Well are you using the .223/5.56 caliber?  I have a 6.8spc and uses the ssa 85gr Barnes tsx factory loads.  Works great on deer and hog


----------



## reel2rifle (Dec 15, 2011)

5 pigs with 6.8 mm with 29 grains of H322 behind 110 gr Prohunter.  I taken a deer and yote recently with 29.5 grains of 10x behind Barnes TSX 95gr.  This bullet was developed for the 6.8 mm.  These loads work for my gun (1:11 barrel)but start 1.5 grains below and work up. These loads are max loads in my gun and might be over on yours.   SSA brass, OAL is 2.28" and Wolf SR primer.  Good luck...


----------



## copperheadmike (Dec 15, 2011)

I have now shot 4 hogs with my 5.56 and have been pretty disappointed. I have yet to drop one and only hunt at night which makes tracking difficult. The 5.56 just does not leave much of a blood trail. Also, the flash and smoke makes a follow up difficult if they arent right there with you. I have used 55g and 64g loads with the same results. In the daytime, I bet they would be great for head shots and feel confident in my placement for such shots at 200+ but at night it just wasnt working. 

So... Cabelas put the .450 Bushmaster uppers on sale a couple of months ago... Couldn't help it, it was cheaper than the 6.8s that I had seen and I had a whole pile of gift cards that I had been hoarding.

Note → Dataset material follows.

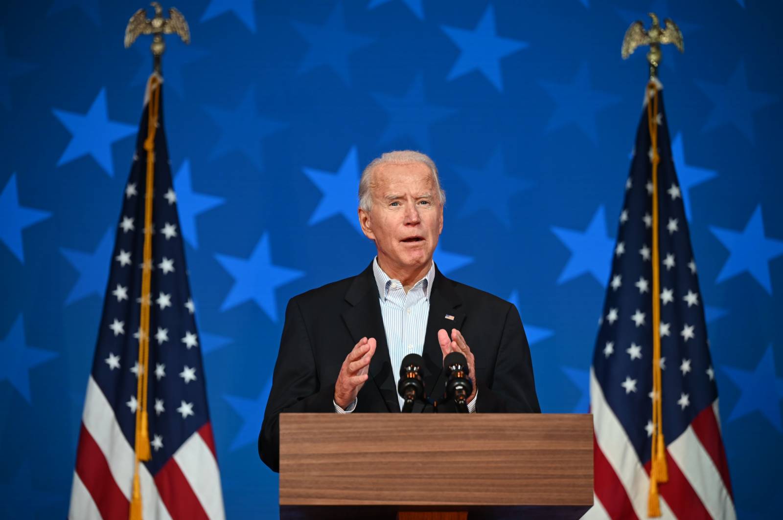 大文新聞網綜合報道,當地時間7日晚8時(北京時間8日9時),拜登與哈里斯在特拉華州威爾明頓向全國發表講話。拜登在講話中表示,他將在9日任命一組科學家和專家,幫助建立應對新冠的計劃,並稱該計劃將從他就任總統的第一天開始施行。

Put it on, zeroed it in, and haven't seen a single hog since. Did put a nasty hole in a yote that made a really bad move one night. Can't wait for deer season to end and they start moving back into my spot again!


----------



## synack (Dec 15, 2011)

I don't know whether it's bad form to post about another forum, but there's a thread, with lots of pics (on another forum), from a guy that has killed something like 40 hogs with his AR (5.56). They were all one shot, one kill. YMMV


----------



## treeman101 (Dec 15, 2011)

We kill a couple of hundred every year with 75gr JHP loaded by Steve Bowen in  Americus and they work great.  A high shoulder shot or a head shot leave them laying in their tracks.  If you dont think it can be done I will gladly demonstrate for the non believers.  6.8 is great but 5.56 is alot more economical when clients shoot 4 to 5 thousand rounds per year.


----------



## uncleless (Dec 15, 2011)

the round i like most is the Hornady 75gr BTHP. works great on hogs. shoot them in the neck, or right in the sholder takes out the heart and lungs everytime.


----------



## Jester896 (Dec 16, 2011)

treeman101 said:


> We kill a couple of hundred every year with 75gr JHP loaded by Steve Bowen in  Americus and they work great.  A high shoulder shot or a head shot leave them laying in their tracks.  If you dont think it can be done I will gladly demonstrate for the non believers.  6.8 is great but 5.56 is alot more economical when clients shoot 4 to 5 thousand rounds per year.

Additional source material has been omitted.